## Exercise prompt
Only one span is wanted from the lines below: from the one with "Стол компьютерный Loft" up to and including the one with "kubectl get ns kubectl get pod -n lab3-ns2". Copy it exactly, without images.

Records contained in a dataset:
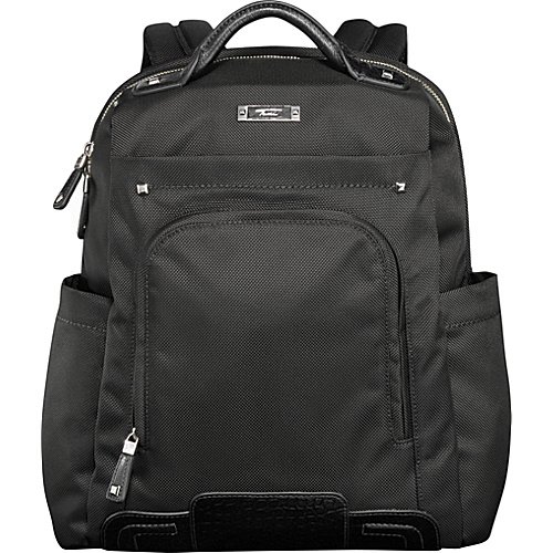 Perfecting the balance of substance and professional style, the Georgetown collection pairs Tumi’s legendary performance with elegant, feminine design details. These highly-functional business and travel accessories are made from Tumi’s signature ballistic nylon and complemented by embossed leather trim and polished nickel hardware. For those who prefer the hands-free mobility of a backpack, this design has everything you want. It features a collapsible laptop pocket with removable sleeve, removable accessory pouch, and organizer pockets inside and out. Top carry handle and adjustable backpack straps.
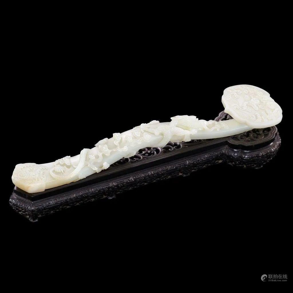 清乾隆 御制白玉赶珠云龙纹题诗如意
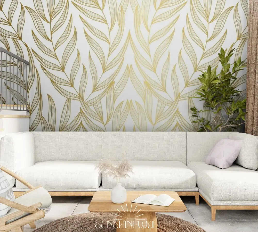 Sublimez votre espace avec ce papier peint panoramique mettant en valeur un feuillage doré finement dessiné. La touche d’or associée au fond sobre apporte luxe et sophistication à votre décoration intérieure, idéale pour un salon ou une chambre raffinée.
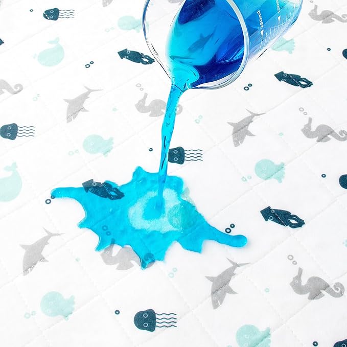 • Machine Washable: Machine washable on gentle cycle. Tumble dry on low heat or line dry. SPRINGSPIRITโ€™s waterproof crib mattress protector portable features blue ocean inspired by vigorous and adorable pattern, which brings friendship with nature.
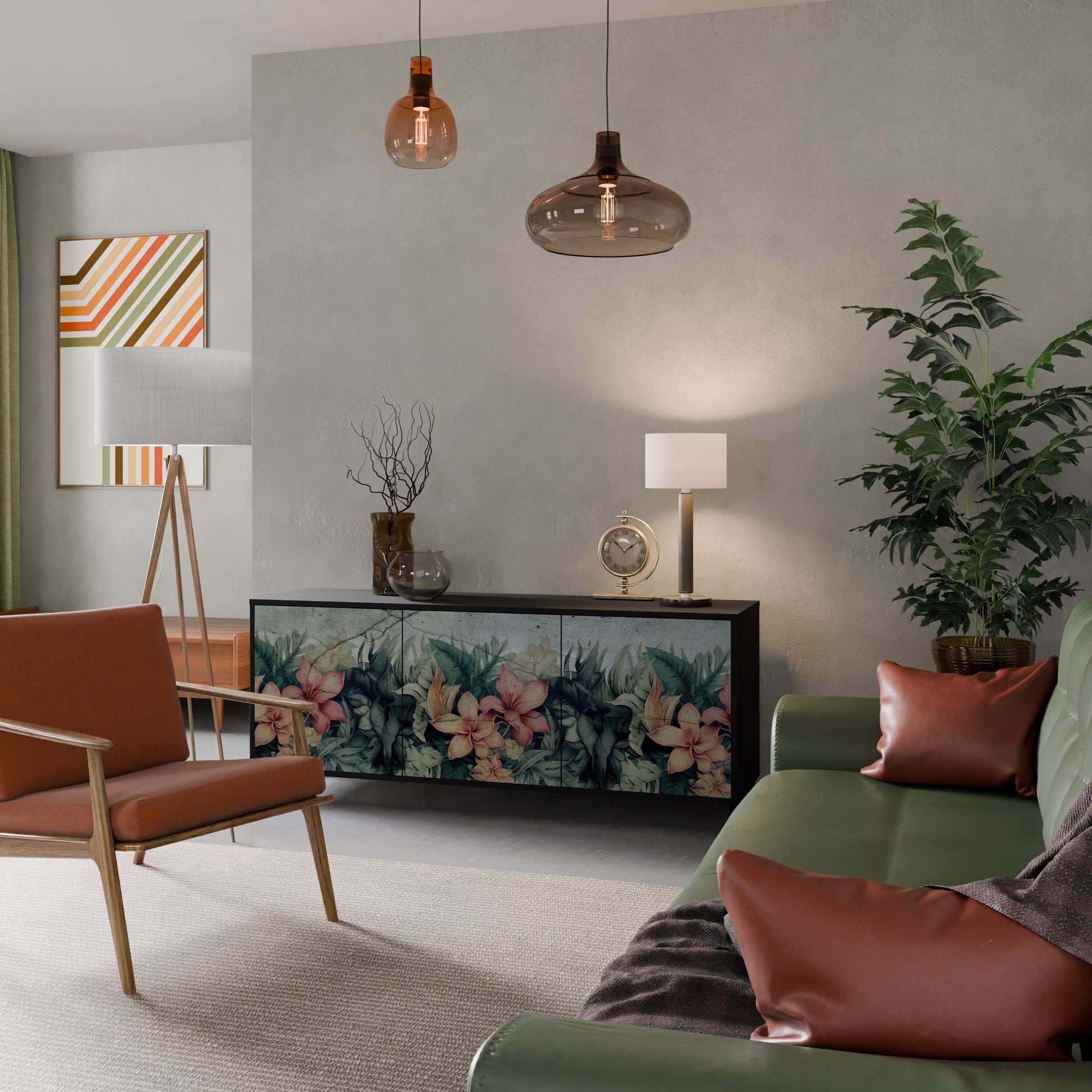 Credenza a 3 ante HEAVENLY BLOOM con finitura nera
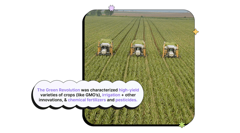 I'm confused about how chemicals and mechanized farming are connected to the Green Revolution - can someone explain?
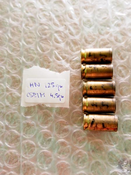 Gracias a un golpe de suerte hoy he podido usar un cronógrafo. He montado vainas usadas con un disparo marca fiochi, puntas hn 125gn .356" hs troncocónicas con 28mm de LTC, 5mm de cota de introducción y crimpadas como se verá en una foto a continuación. Las cargas han sido de 4.1, 4.5 y 4.7gn de CSB1M
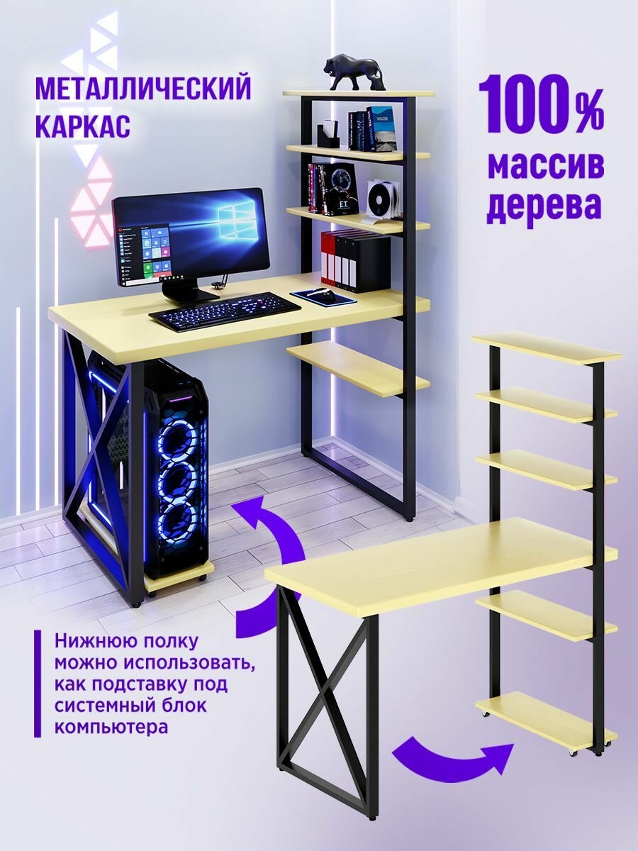 Стол компьютерный Loft с пятью полками, столешница цвета ванили из массива сосны 40 мм и черные металлические крестообразные ножки, 100х80х148 см
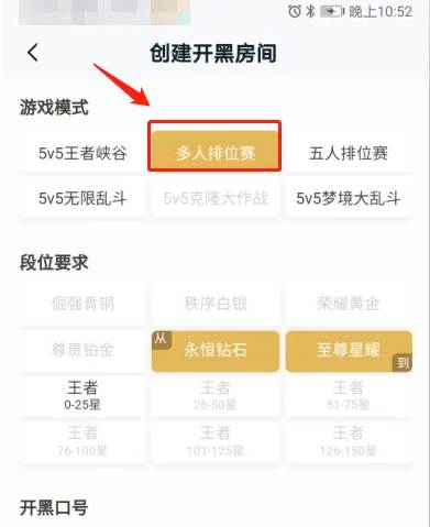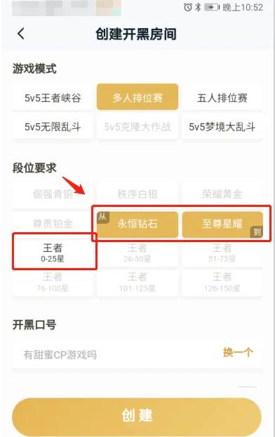 选择需要的开黑段位(排位赛目前只能选永恒钻石、至尊星耀、王者0~25星)
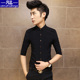 棉麻衬衫男修身型韩版七分袖潮男装寸衫青少年春秋季休闲纯色衬衣
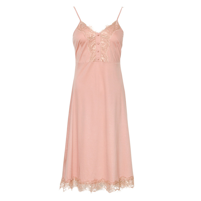 睡裙女夏季吊带性感薄款蕾丝睡衣孕妇带胸垫纯棉莫代尔宫廷公主风
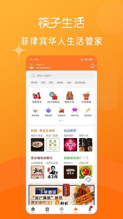 筷子生活app是生活服务类手机软件,筷子生活菲律宾外卖平台致力于为在非华人提供最便捷的生活服务和帮助,软件涉及多个方面,满足用户的各种生活需求,让你在外的生活更加的便捷,感兴趣的快来下载吧!
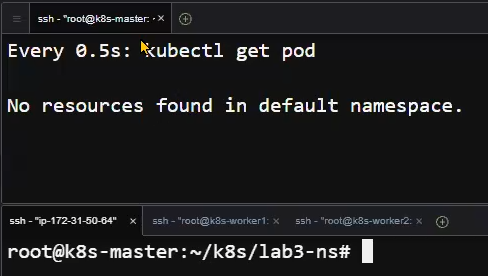 kubectl get ns kubectl get pod -n lab3-ns2
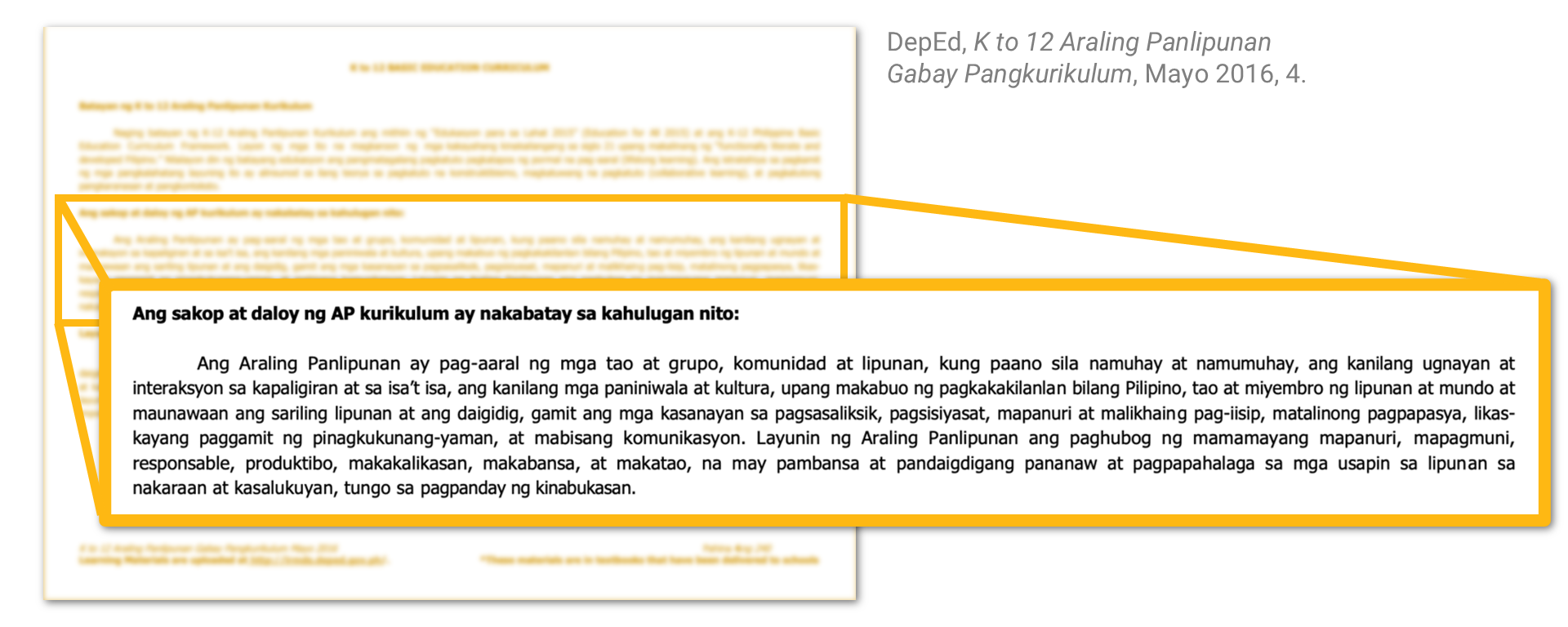 Civic education is a cornerstone of the Araling Panlipunan curriculum, which aims to develop responsible citizens with a clear identity as Filipinos.
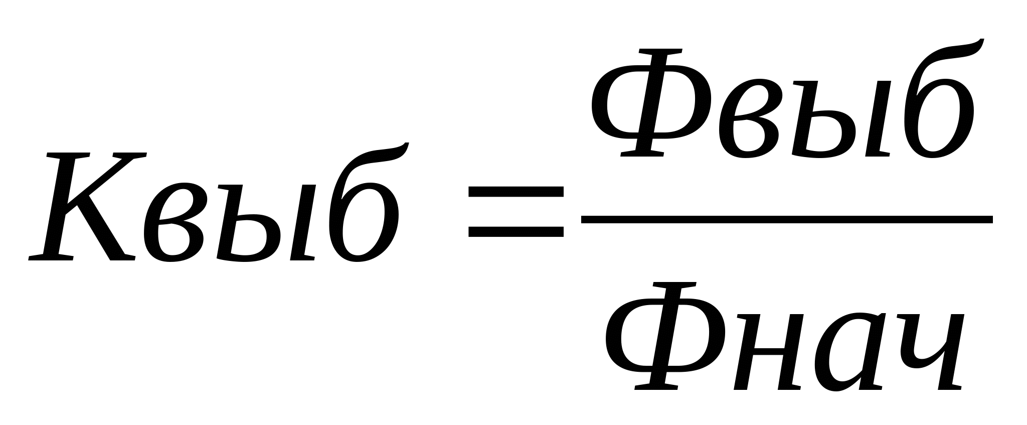 Фондоотдача — показатель выпуска продукции на 1 грн. стоимости основных фондов (Фотд) — определяется как отношение объема выпуска продукции (В) к стоимости основных производственных фондов (Ф) за сопоставимый период времени (месяц, год) [19]:
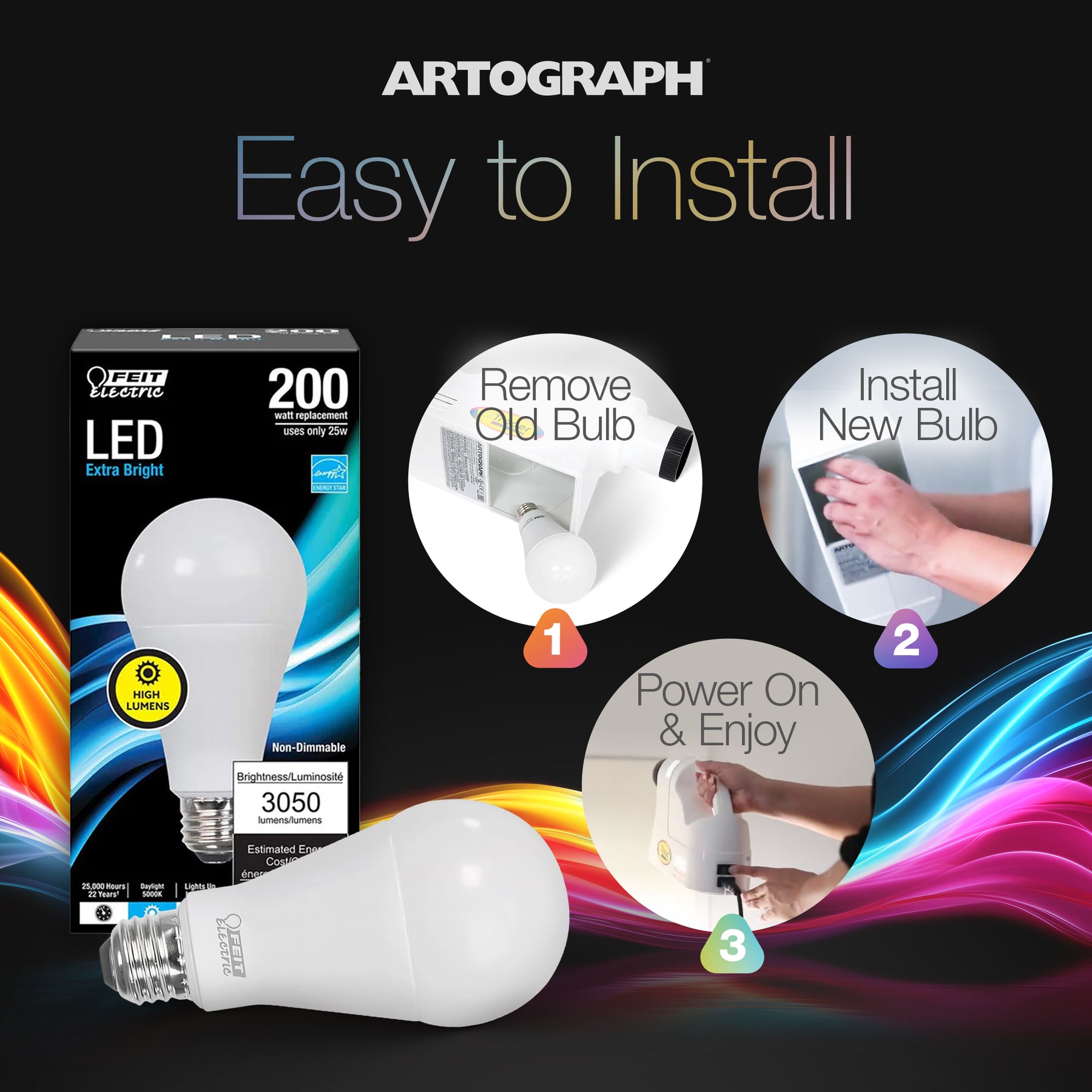 With a powerful 3050 lumens of illumination, these 25-watt LED bulbs deliver the same brightness as a traditional 200-watt incandescent bulb while using a fraction of the energy. The 5000K daylight color temperature ensures crisp, vibrant projections, bringing clarity and accuracy to your work. Designed with an E26 standard base, they fit effortlessly into your projector, allowing for quick and easy installation. Plus, instant-on technology ensures full brightness the moment you switch it on.
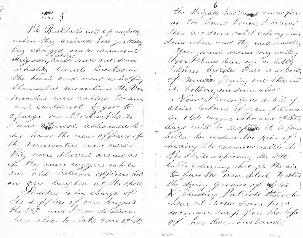 ….The Bucktails cut up awfully when they arrived here yesterday. They charged on a Vermont Brigade Sutler and run out some whiskey barrels, knocked in the heads, and went a helping themselves. Meantime the Vermonters were called to arms but could not be got to charge on the Bucktails, I was almost ashamed to see how the new officers of the Vermonters were used. They were shoved around as if they were niggers while our old vetran officers looked on and laughed at the sport.
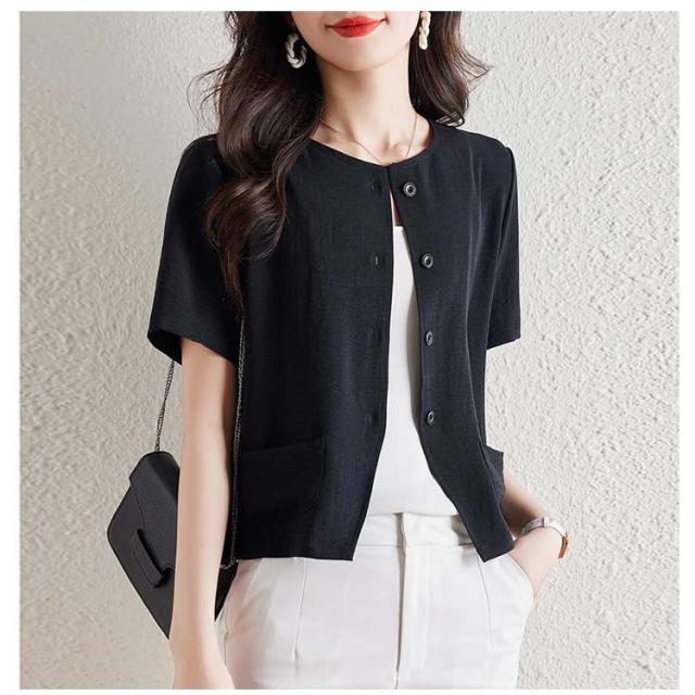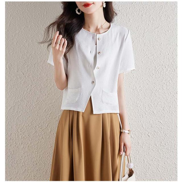 テーラードジャケット 半袖 カーディガン レディース ノーカラーライトジャケット ライトアウター 春夏 半袖ジャケット 大人 女性 きれいめ 羽織り 薄手 日焼け防止 冷房対策トップス 大きいサイズ 通勤 シンプル お洒落 送料無料

## Answer to the exercise
 Стол компьютерный Loft с пятью полками, столешница цвета ванили из массива сосны 40 мм и черные металлические крестообразные ножки, 100х80х148 см
 选择需要的开黑段位(排位赛目前只能选永恒钻石、至尊星耀、王者0~25星)
 棉麻衬衫男修身型韩版七分袖潮男装寸衫青少年春秋季休闲纯色衬衣
 睡裙女夏季吊带性感薄款蕾丝睡衣孕妇带胸垫纯棉莫代尔宫廷公主风
 筷子生活app是生活服务类手机软件,筷子生活菲律宾外卖平台致力于为在非华人提供最便捷的生活服务和帮助,软件涉及多个方面,满足用户的各种生活需求,让你在外的生活更加的便捷,感兴趣的快来下载吧!
 kubectl get ns kubectl get pod -n lab3-ns2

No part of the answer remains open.